# The odd couple



## daveandmairi (Jul 22, 2020)

With both of us having been perfectly happy with a De'Longhi bean to cup machine for 15 years, I convinced my wife a year ago that we should upgrade. Unlike me, she's not the slightest bit interested in learning how to make coffee, so the ideal machine was the Oracle.

In my humble opinion, it's a very capable espresso machine that lets one person have her beans in the hopper and allow the auto-dosing and auto-tamping to do its thing, and lets the other use an older model Ceado E37S (modded for single dosing) to turn a drink into a hobby.

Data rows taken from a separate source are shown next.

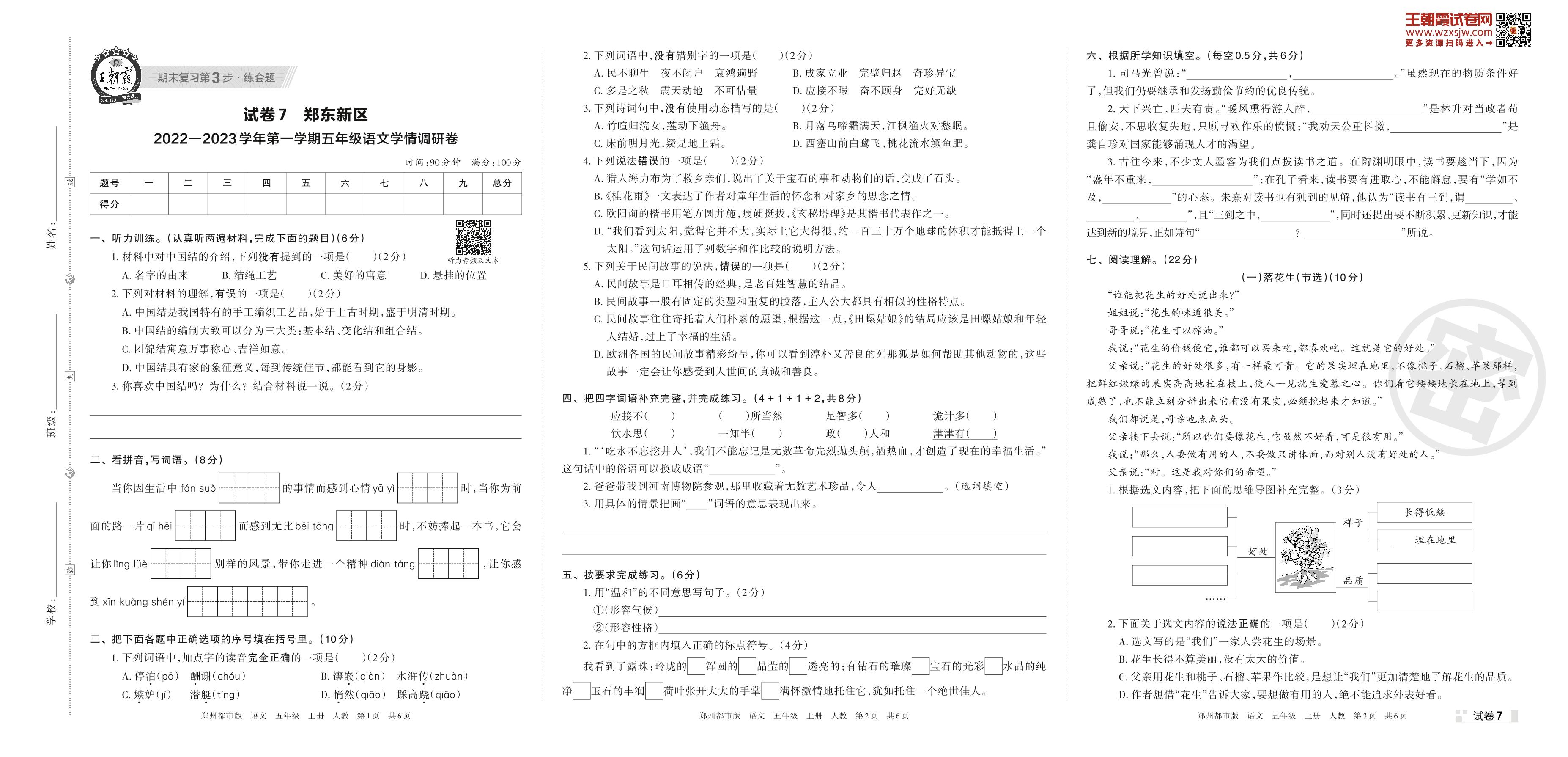 郑东新区2022—2023学年第一学期五年级语文学情调研卷(人教版)【7】
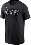 Show off your team pride in this Nike New York Mets Black City Connect Short Sleeve T Shirt! This NY Mets Short Sleeve Tee features a screen printed team wordmark on the front chest, Swoosh design on the right shoulder. Make sure everyone knows you root for the Mets with this Black NY Mets T Shirt. Go Mets!
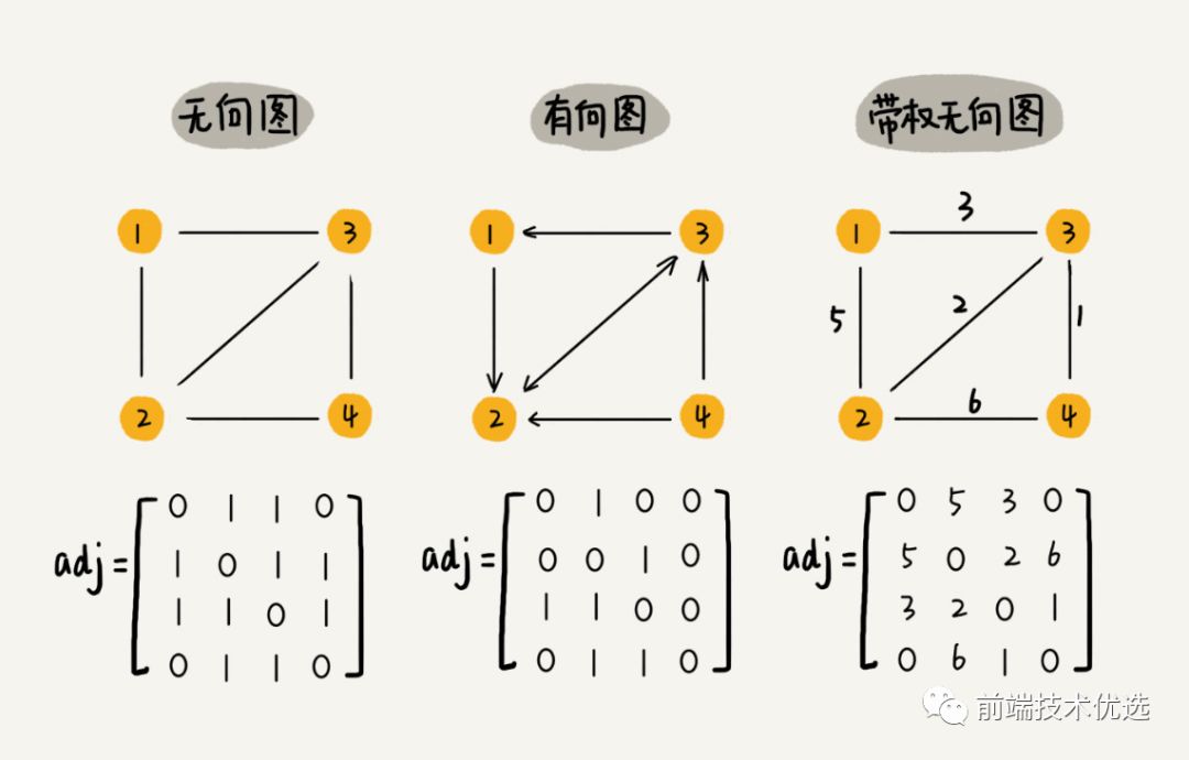 图的一种存储方式是 “邻接矩阵”。邻接矩阵就是一个二维数组,A[i][j] === A[j][i]。
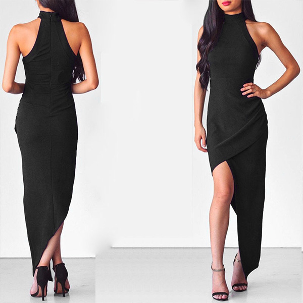 Sexy and charming,this dress is just what you need for the summer. Halter style,designed with backless and an irregular hem,
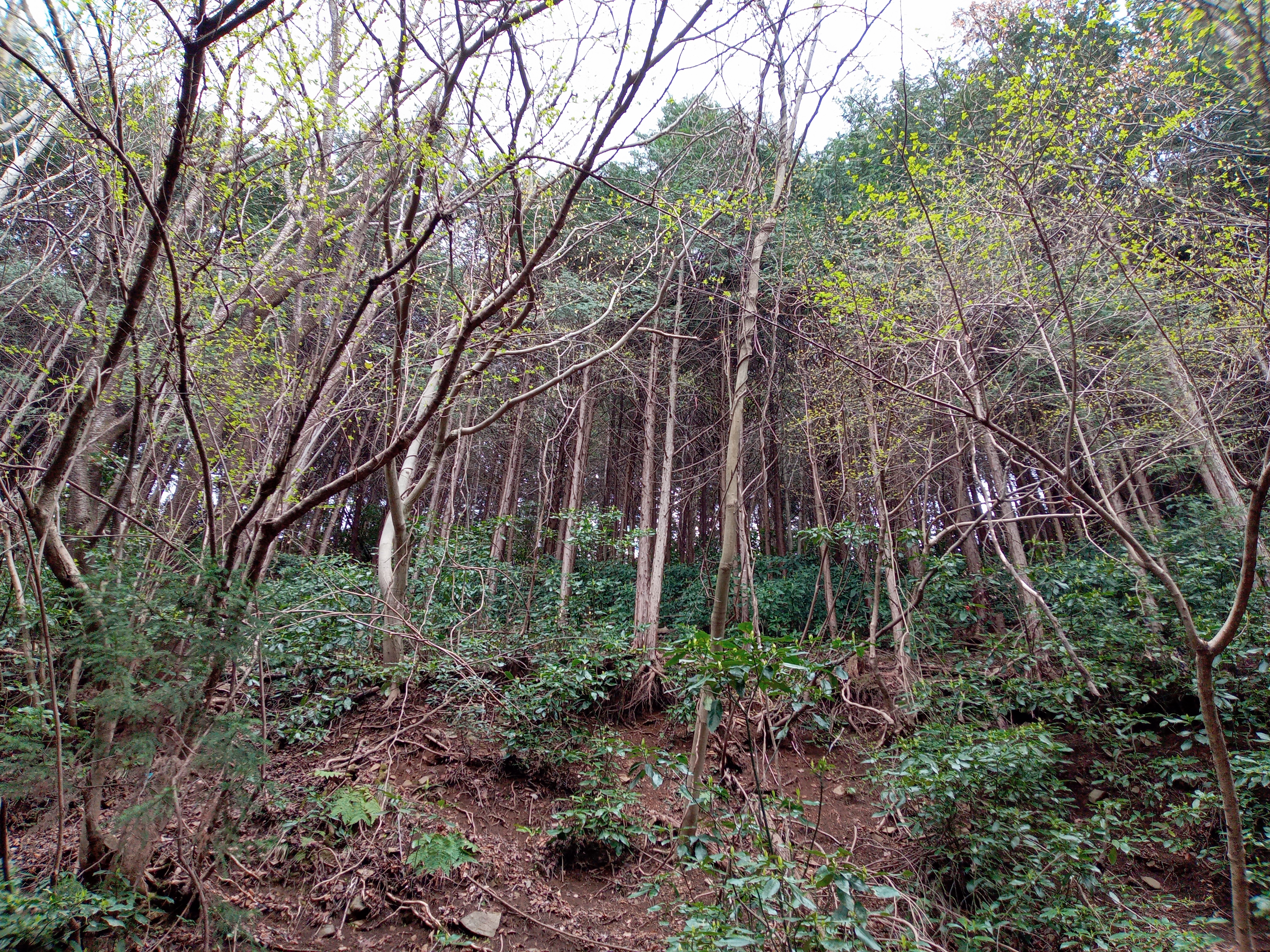 アクセス | 高尾駅北口から20分で林道ゲードに到着。駅北口から甲州街道を渡り昭和天皇御陵の横を通り、陣場街道に向かって左折、更に左折して陣場街道を西に登り恩方一小を過ぎて松竹橋を左折し暫く走ると林道ゲート。そこから林道を15分走って八王子の森に到着。直前の林道からは新宿副都心の高層ビルが展望できる。森の入口には大きな樅の木が屹立し目印になっている。 | |
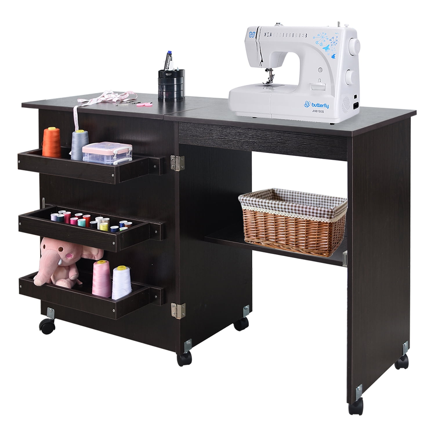 S Fyronti Folding Sewing Craft Table With Storage Shelves And Lockable Wheels Brown Finished Walmart Com
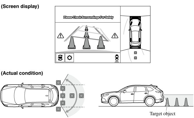 The parking sensor detection range has limitations. For example, obstructions closing in from the side and objects short in height may not be detected. Always confirm the safety around the vehicle visually when driving.
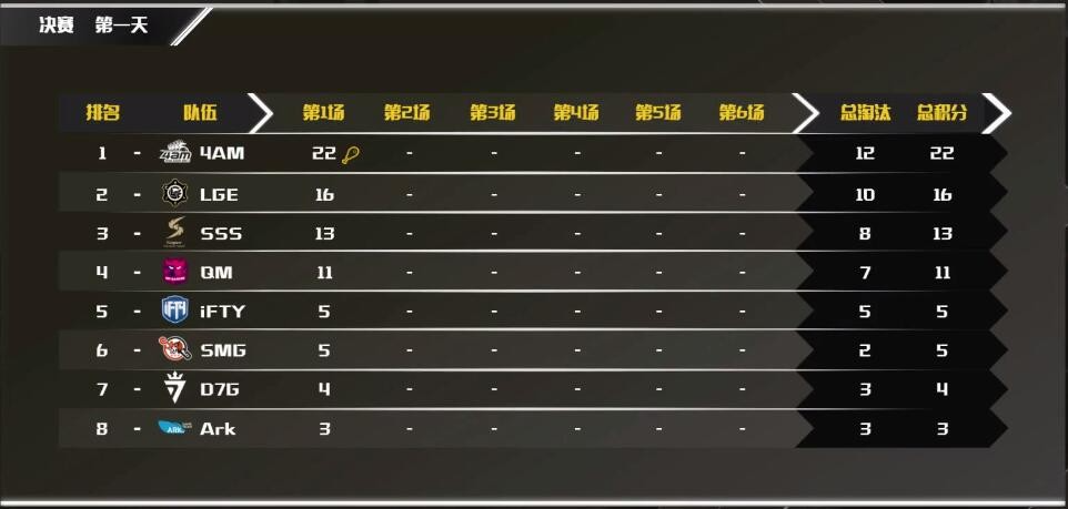 决赛圈场上还剩6队18人。Dae被SSS卡死在圈外,QM淘汰了SMG独狼shox。SSS进圈与LGE火拼,4AM协助淘汰LGE数人。QM独狼反杀SSS一人后出局,SSS位置被4AM发现淘汰,LGE独狼也被发现带走,4AM成功拿下首鸡!
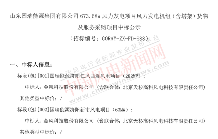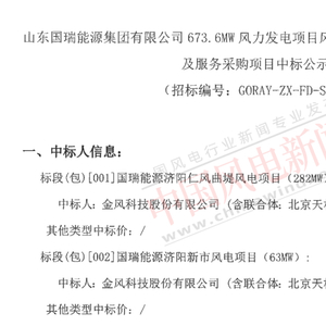 中国风电新闻网讯:8月19日,山东国瑞能源集团有限公司国瑞能源济阳仁风曲堤风电项目(282MW)和国瑞能源济阳新市风电项目(63MW)风力发电机组(含塔架)货物及服务采购项目中标公示,规模共计345MW,金风科技与北京天杉高科风电科技有限责任公司联合体中标。
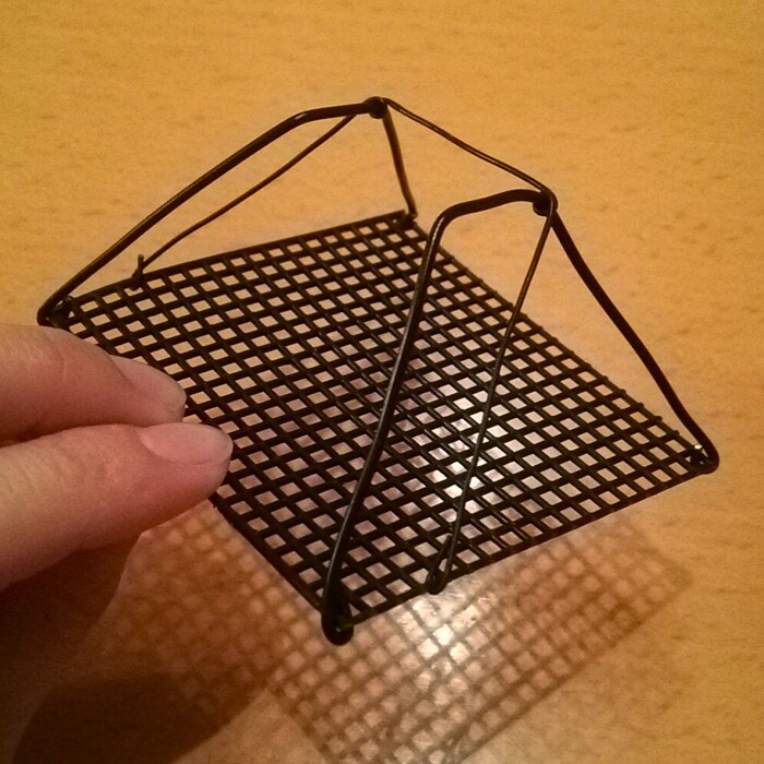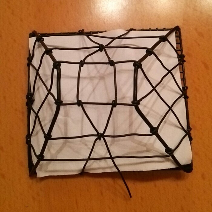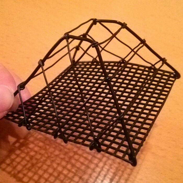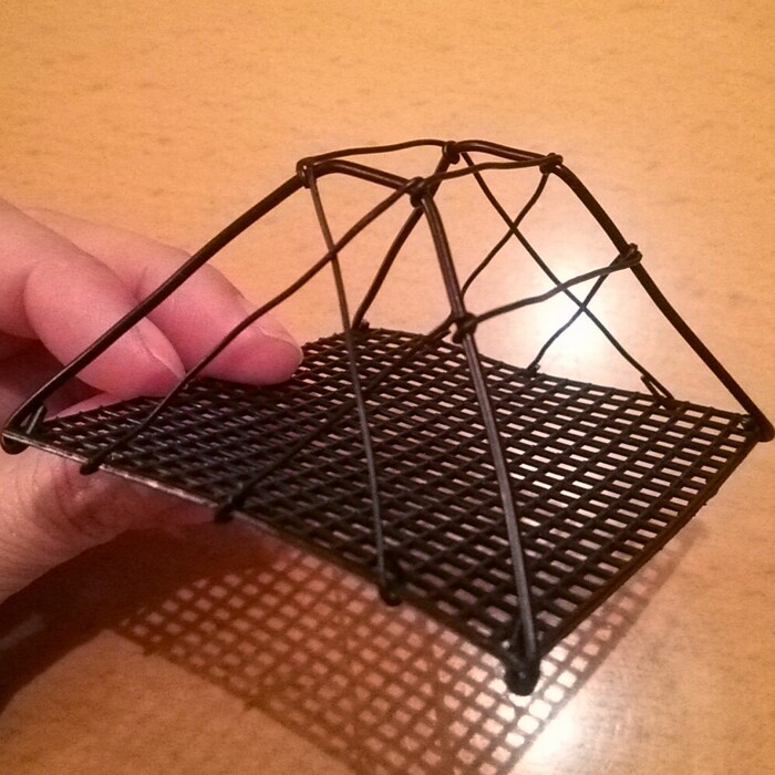屋根の横部分(幅が狭い方)は、最初に太いワイヤーをかけた台形を枠にしてワイヤーが網目状にかかった状態になります。
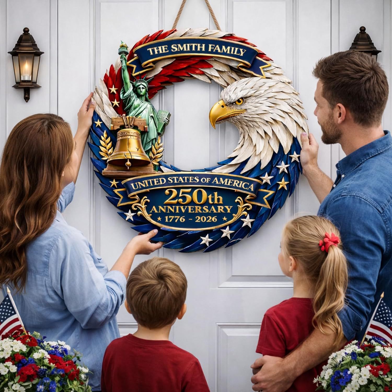 Personalized USA 250th Anniversary Plaque – Custom Family Name Flat Print, Independence Day Commemorative Wall Decor
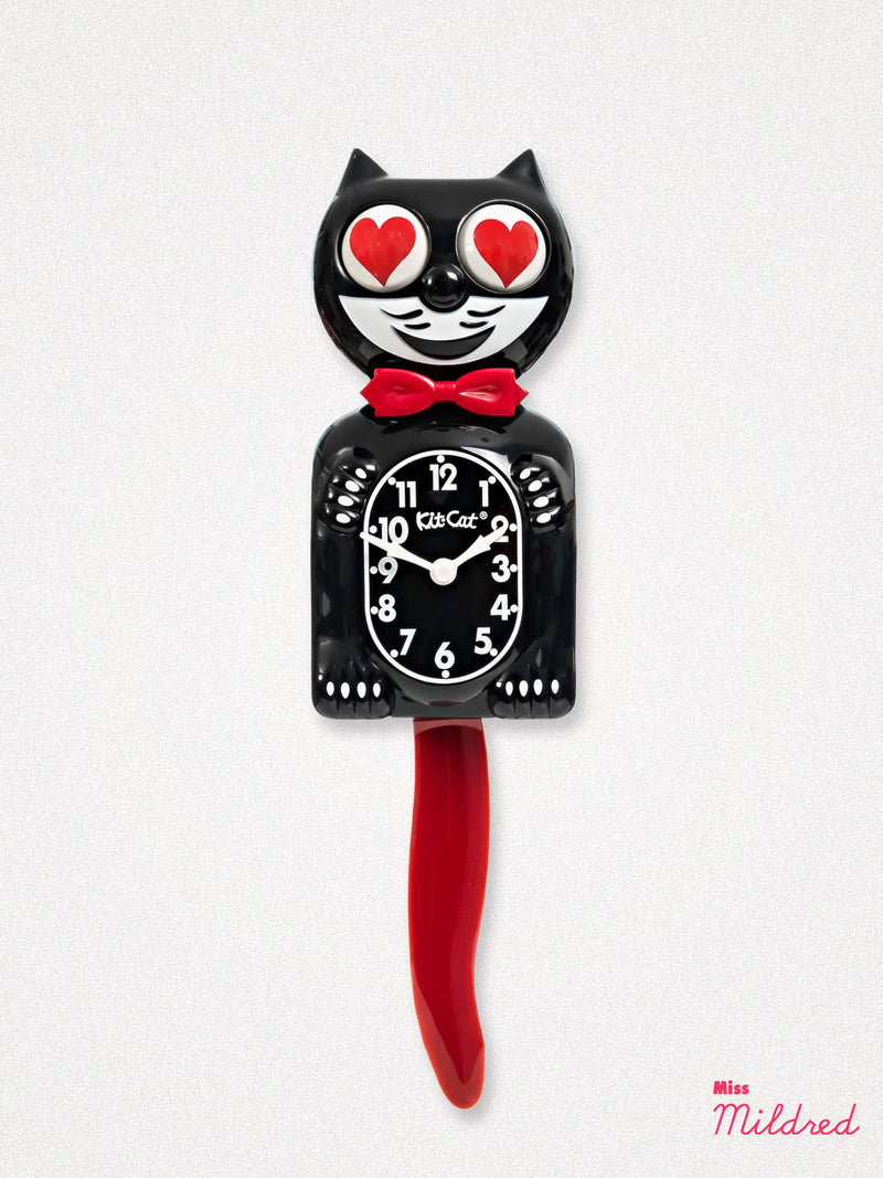 Kit Cat Clock Love Heart Eyes - Original Large Size - Black Red

One day (maybe) it'll be a Decent DE1Pro but for now, it's the perfect compromise.


----------



## EmmaC (Jan 17, 2021)

An excellent compromise! Without it actually being a compromise 

My OH is exactly the same, he really appreciates a good coffee, but is pretty uninterested in how it arrives in his cup


----------



## lake_m (Feb 4, 2017)

A thoughtful way of betting the best of both worlds. It's all about the beans, water, and then grinder anyway, and you have that one cracked!!


----------



## daveandmairi (Jul 22, 2020)

lake_m said:


> A thoughtful way of betting the best of both worlds. It's all about the beans, water, and then grinder anyway, and you have that one cracked!!


 Haha. Thanks. I don't quite have the grinder situation covered as well as you do by the looks of your signature 🤪


----------



## StevePNS (Mar 3, 2021)

Ooh looks good


----------